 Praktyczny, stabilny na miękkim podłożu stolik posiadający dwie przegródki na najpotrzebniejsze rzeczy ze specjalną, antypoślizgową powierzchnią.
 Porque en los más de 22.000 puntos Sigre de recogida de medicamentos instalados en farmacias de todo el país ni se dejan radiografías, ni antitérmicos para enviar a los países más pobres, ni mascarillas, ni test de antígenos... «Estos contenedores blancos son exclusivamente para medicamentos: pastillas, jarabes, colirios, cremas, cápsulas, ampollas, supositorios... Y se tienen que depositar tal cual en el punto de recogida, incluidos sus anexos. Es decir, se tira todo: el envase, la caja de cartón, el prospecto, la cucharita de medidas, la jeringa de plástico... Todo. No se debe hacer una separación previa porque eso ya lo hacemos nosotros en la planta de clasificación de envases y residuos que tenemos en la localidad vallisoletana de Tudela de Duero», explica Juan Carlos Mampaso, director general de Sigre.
..............................
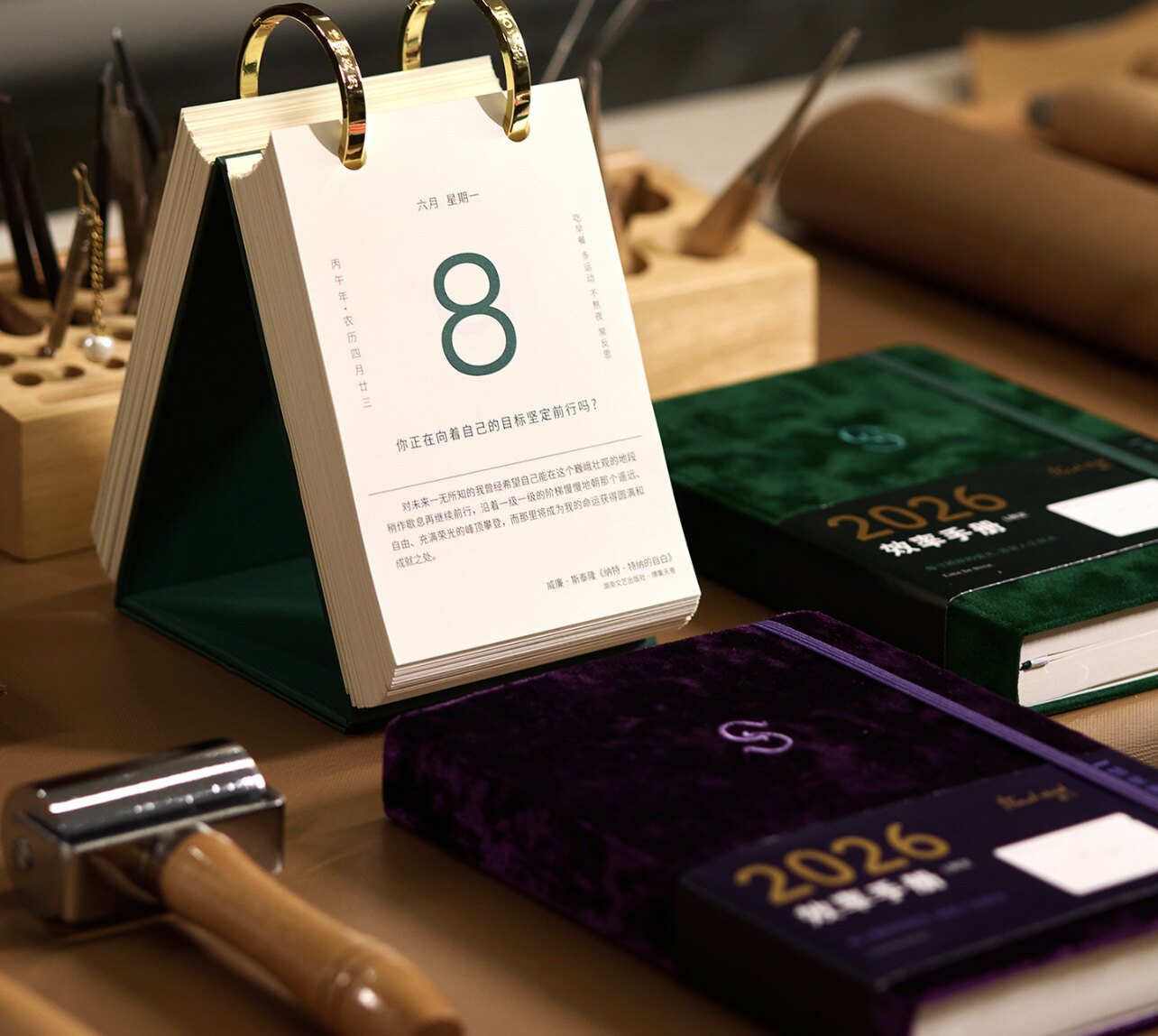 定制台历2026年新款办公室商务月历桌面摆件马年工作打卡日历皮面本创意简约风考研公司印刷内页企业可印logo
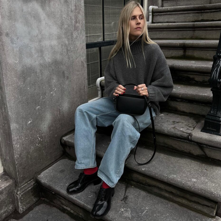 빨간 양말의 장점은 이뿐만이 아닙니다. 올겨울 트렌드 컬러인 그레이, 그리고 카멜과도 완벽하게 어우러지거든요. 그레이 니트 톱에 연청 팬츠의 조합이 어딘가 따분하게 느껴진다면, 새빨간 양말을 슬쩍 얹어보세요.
..............................
*Exercise description*
In the records above, find the line with "定制台历2026年新款办公室" and the line with "빨간 양말의 장점은 이뿐만이"; please transcribe exactly those two lines and all lines between them, omitting any picture.

*Expected output*
 定制台历2026年新款办公室商务月历桌面摆件马年工作打卡日历皮面本创意简约风考研公司印刷内页企业可印logo
 빨간 양말의 장점은 이뿐만이 아닙니다. 올겨울 트렌드 컬러인 그레이, 그리고 카멜과도 완벽하게 어우러지거든요. 그레이 니트 톱에 연청 팬츠의 조합이 어딘가 따분하게 느껴진다면, 새빨간 양말을 슬쩍 얹어보세요.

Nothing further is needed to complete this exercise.